Work instruction: Leave out all pictures and retype exactly the lines from the one with "关于公布河南东豪康盛置业有限公司等2家房地产开发企业资质申请事项的通知 | 有 效 性 | |" through the last line of the material.

Data to process below:

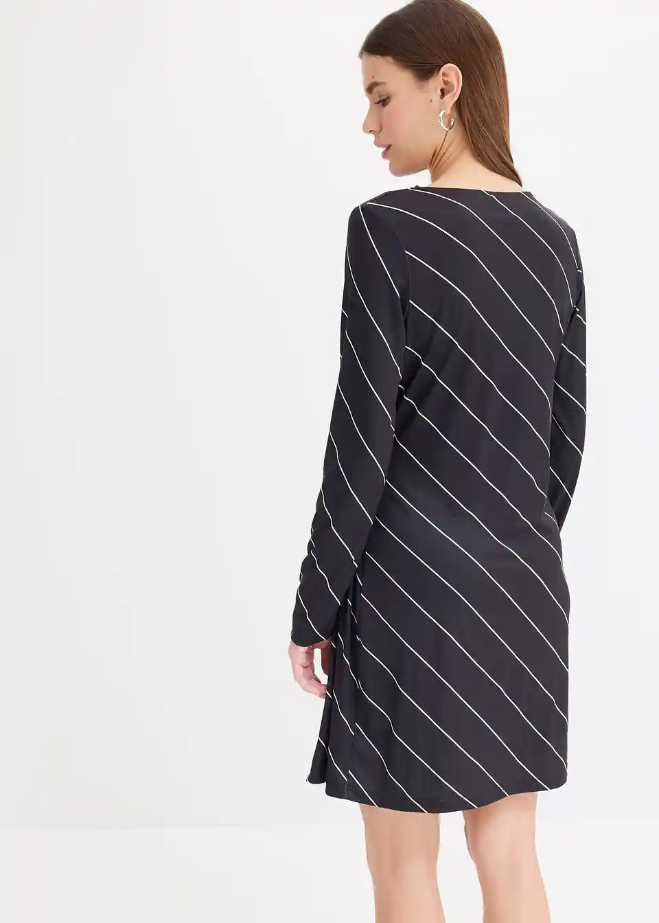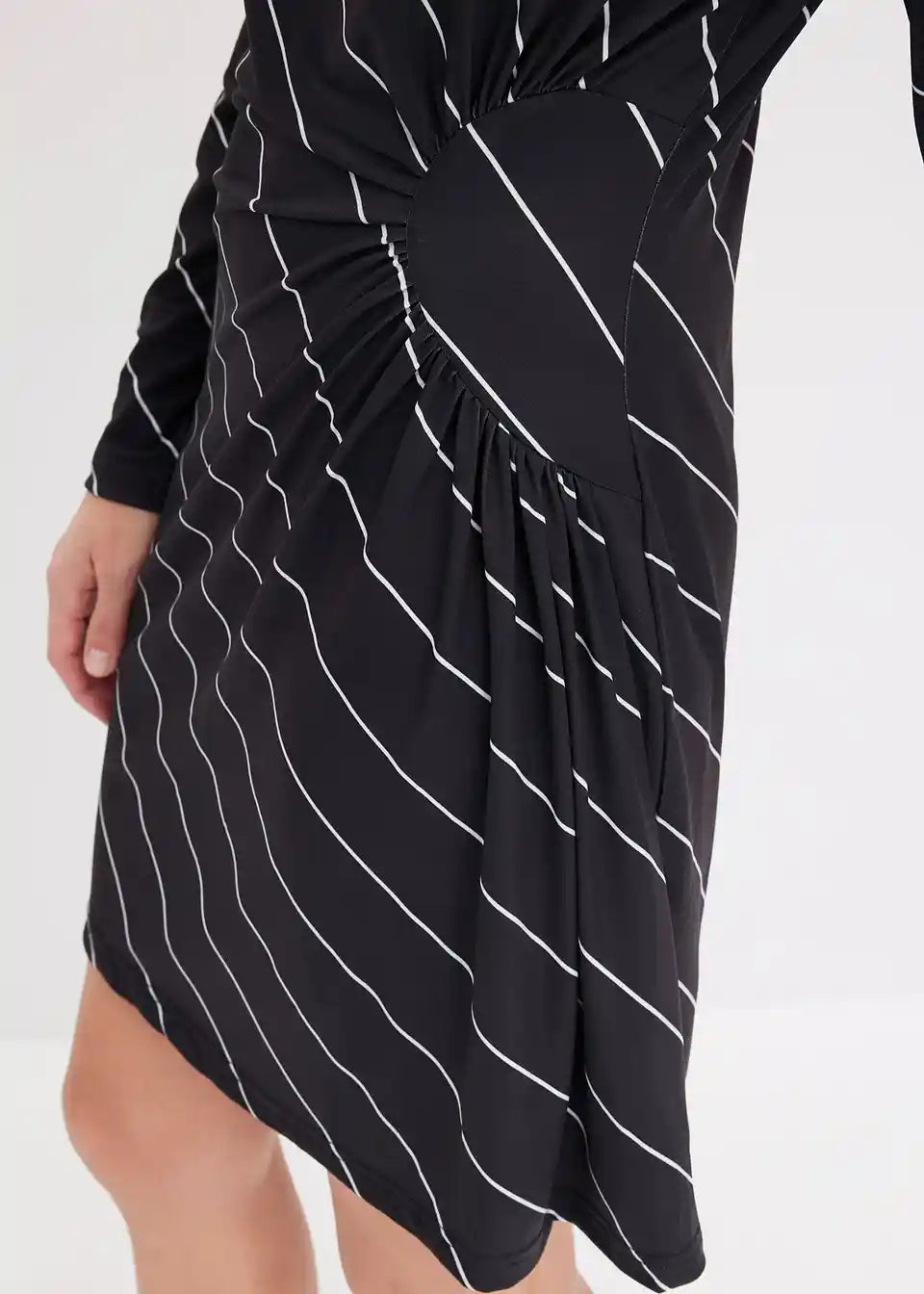 Auffallendes Kleid mit asymmetrischen Saum und Trompetenärmel
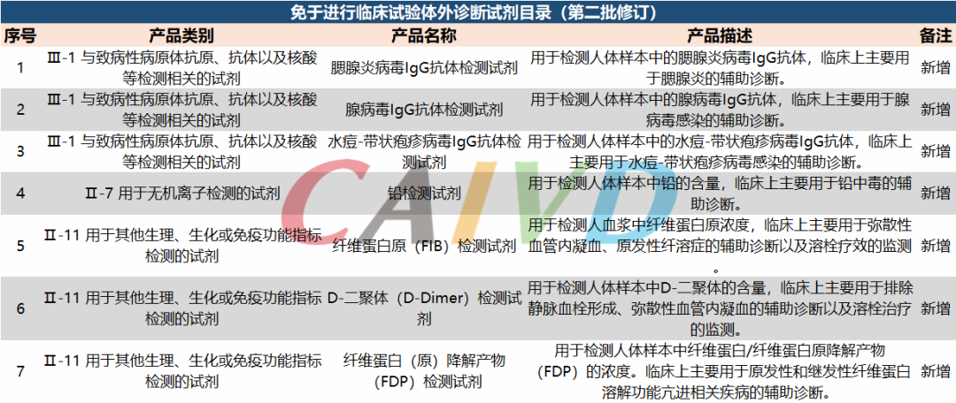 新增7项体外诊断项目进入免临床试验医疗器械目录(第二批修订)
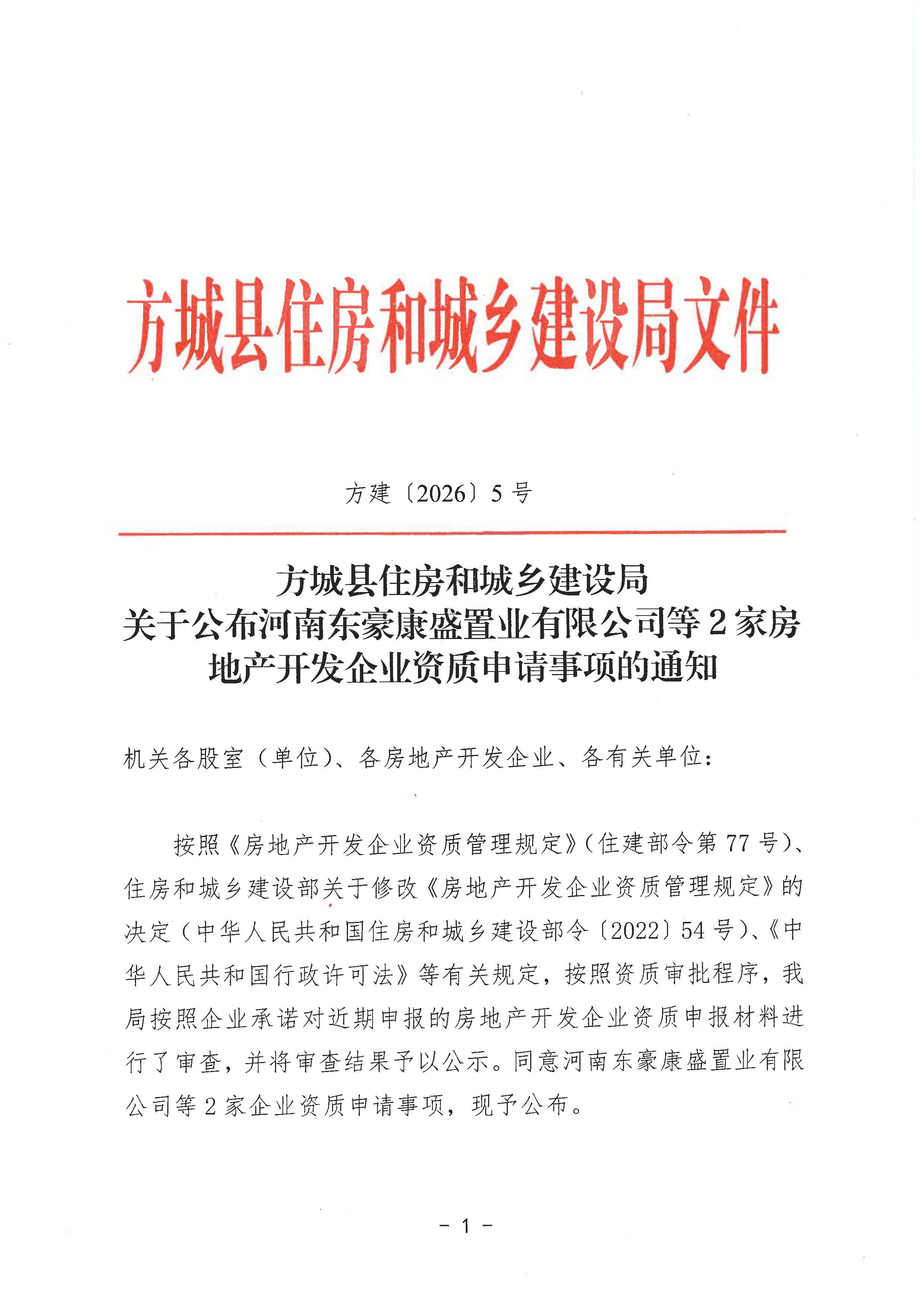 | 标 题 | 关于公布河南东豪康盛置业有限公司等2家房地产开发企业资质申请事项的通知 | 有 效 性 | |
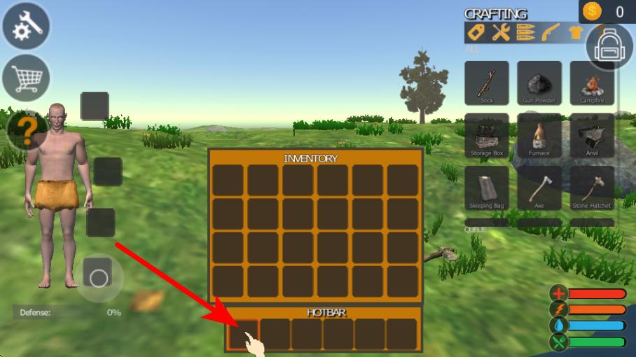 4、打開背包界面后,將獲取的道具拖入快捷欄,可快速調用道具,提升資源使用的效率,為后續(xù)的生存挑戰(zhàn)如狩獵、建造做準備。
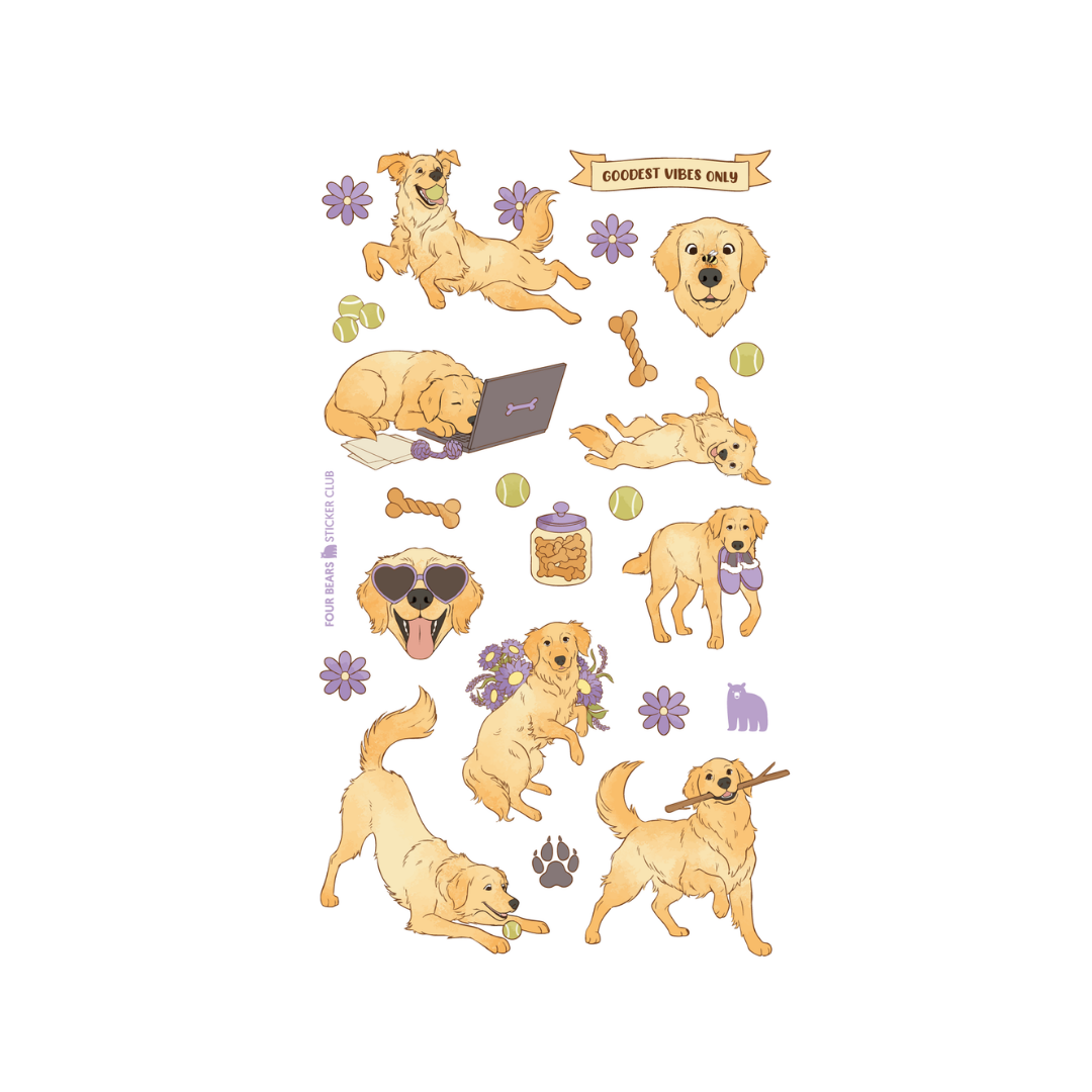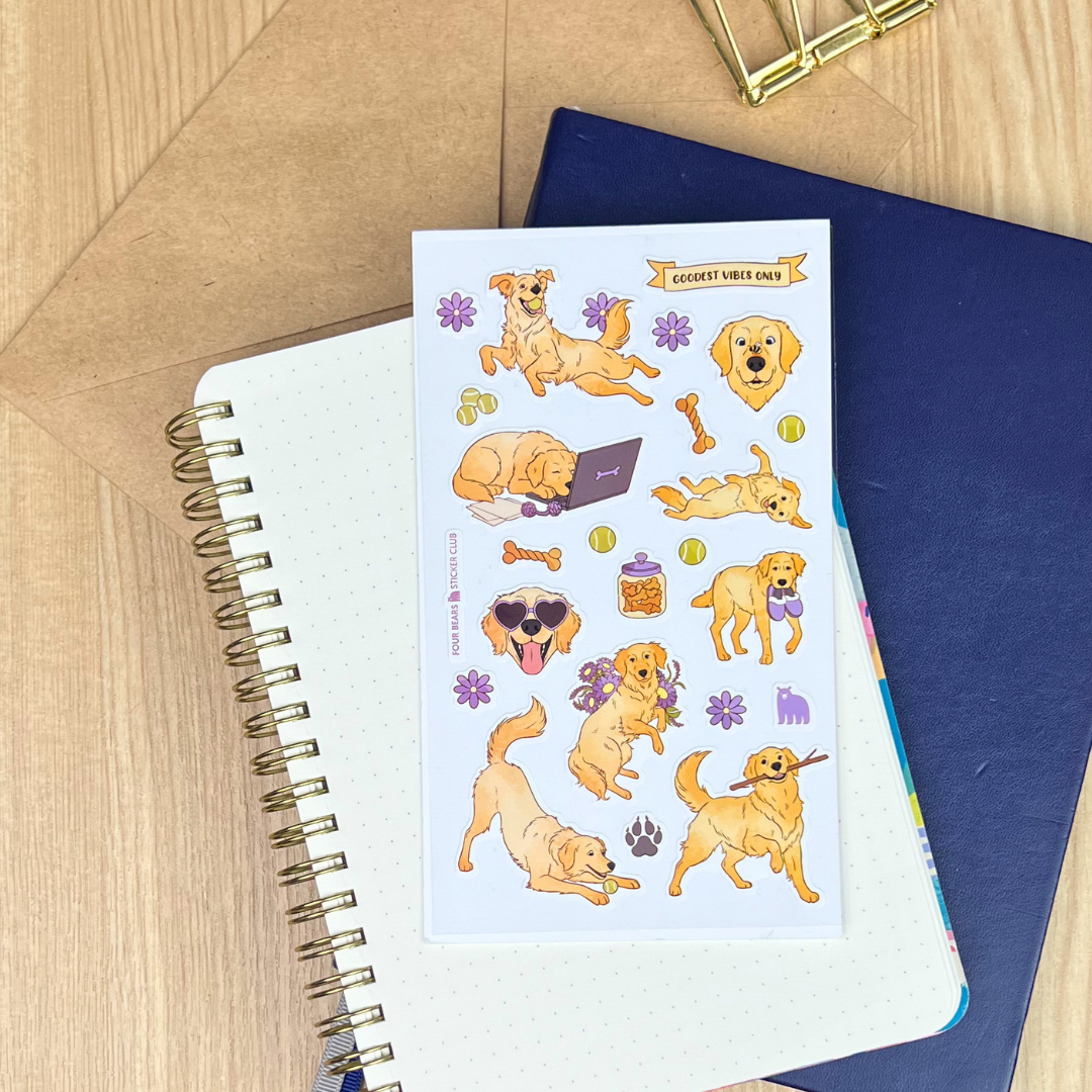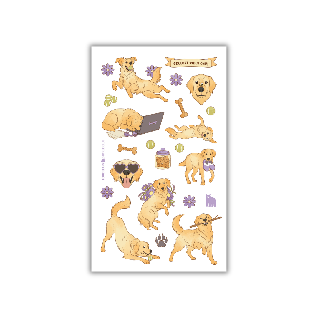 Goodest Vibes Only is pure joy in sticker form. Featuring golden retrievers radiating warmth and optimism, this sheet leans into sunshine energy with a playful twist. Whether you’re marking a good day, decorating a weekly spread, or sending encouragement in the mail, these pups bring instant positivity without trying too hard. It’s the kind of sheet that makes you smile every time you see it.
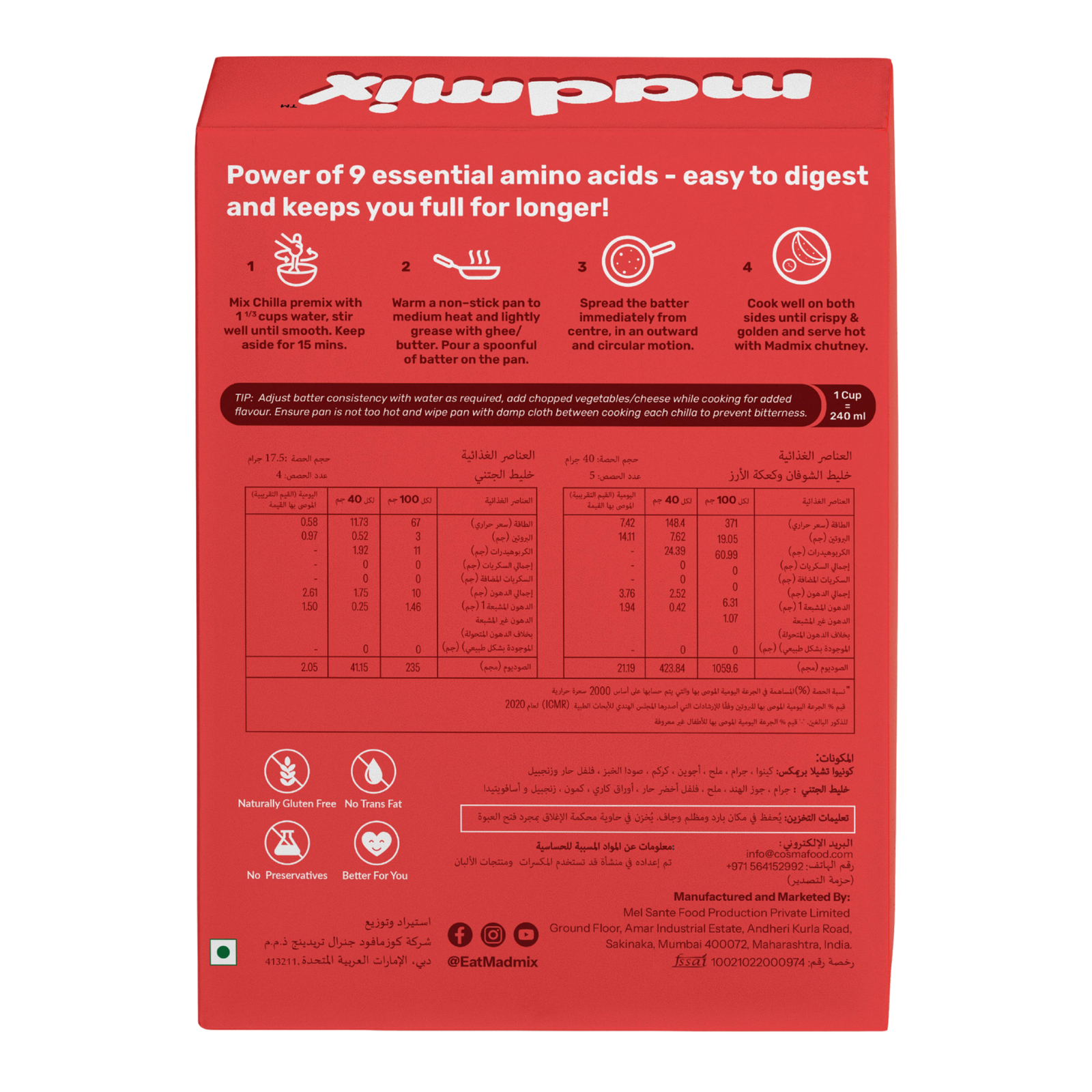 Madmix Protein Punch Quinoa Chilla Premix makes a delightful meal loaded with 9 essential amino acids which are beneficial for you. This 100% baked premix is crafted with fresh millets which gives you a burst of energy and rich flavours all together.

End of Data to process.

Solution to the problem:
 | 标 题 | 关于公布河南东豪康盛置业有限公司等2家房地产开发企业资质申请事项的通知 | 有 效 性 | |
 4、打開背包界面后,將獲取的道具拖入快捷欄,可快速調用道具,提升資源使用的效率,為后續(xù)的生存挑戰(zhàn)如狩獵、建造做準備。
 Goodest Vibes Only is pure joy in sticker form. Featuring golden retrievers radiating warmth and optimism, this sheet leans into sunshine energy with a playful twist. Whether you’re marking a good day, decorating a weekly spread, or sending encouragement in the mail, these pups bring instant positivity without trying too hard. It’s the kind of sheet that makes you smile every time you see it.
 Madmix Protein Punch Quinoa Chilla Premix makes a delightful meal loaded with 9 essential amino acids which are beneficial for you. This 100% baked premix is crafted with fresh millets which gives you a burst of energy and rich flavours all together.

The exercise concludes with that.